Line the loaf pan with plastic wrap: This is to make the cake easy to remove from the pan once it’s time to frost it later on. Just tear a small sheet of plastic wrap and line it on the bottom and sides of each of the loaf pans, leaving a few inches of overhang on the sides.

Make the whipped cream: You’ll want to start with a large amount of whipped cream so you can work quickly to build the cake. Add 1 1/2 cups heavy cream and  1/4 cup granulated sugar to a mixing bowl and mix until medium to firm peaks form.

Line the bottom of the pan with whipped cream: Add a couple of spoonfuls of the whipped cream to the bottom and sides of one loaf pan and the bottom and sides of half of the other loaf pan. This will act as the “glue” to help the cookies stay together.

Credit: Cory Fernandez

Top the cookies with whipped cream: Take one cookie and top with a dollop of whipped cream (a couple of tablespoons) and place it right-side up in one loaf pan so that the side with the whipped cream is facing away from the the end of the pan.
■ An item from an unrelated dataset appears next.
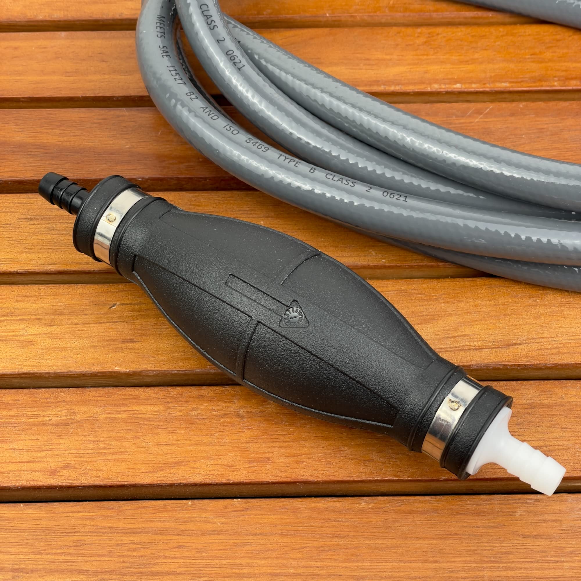 Kraftstoff umfüllen war noch nie so einfach! Dieser GATE14 Pumpball aus PVC pumpt Benzin, Diesel oder Heizöl ohne Strom. Einfach Schlauch (10 mm Innendurchmesser) anschließen und die Gummikugel drücken. Mit Farbcodierung für Flussrichtung, doppelten Schlauchschellen für dichte Verbindung. 125 mm lang, für Rasenmäher, Boote oder Maschinen. Achtung: Auffangbehälter tiefer platzieren als Quelle. Einfach, sicher und praktisch!

Repeat this process with the rest of the cookies so that the entirety of the loaf pan is filled with cookies, each one with whipped cream in between. 

Credit: Cory Fernandez

Add a few more cookies to the top and edges of the pan and fill in any gaps, using whipped cream to keep everything together. Top the cookies with a layer of whipped cream. After you’ve completed one loaf pan, continue with the other loaf pan, but only fill it halfway — this will be the branch that we attach to the side later on.

Credit: Cory Fernandez

Chill the cake: Chill the cake for at least eight hours or overnight to allow the cookies to soften and meld. It’s also important to use thin cookies to make sure they will soften in the refrigerator.

Credit: Cory Fernandez

Frost the cake: Remove the cakes from the fridge using the overhang on the sides to lift it out. Carefully flip the full cake onto a serving plate. Remove the half-cake the same way, but flip it onto a cutting board. Slice one end of the half-cake on a diagonal and attach the cut side to one of the sides of the full cake.

Credit: Cory Fernandez

Add the store-bought chocolate frosting to a bowl and mix it with an electric hand mixer for about a minute — this will make it easier to frost. Use a rubber spatula or offset spatula to carefully spread the frosting all over the top and sides of the cake. Be sure to work quickly, so the whipped cream doesn’t soften too much. Once the cake is entirely frosted, immediately put it in the refrigerator for at least half an hour.

Credit: Cory Fernandez

Use a fork to decorate the cake: Remove the cake from the fridge and carefully run the tines of a fork down the top and sides of the chocolate frosting. Don’t scratch it too far down, as it will then show the whipped cream underneath. 

Credit: Cory Fernandez

Dust with powdered sugar: When you’re ready to serve the cake, add a couple of tablespoons of powdered sugar to a fine-mesh sieve and carefully place it above the cake and move it back and forth against the palm of your hand to sprinkle it over the cake. If you want, decorate the cake with fresh cranberries and mint leaves or rosemary.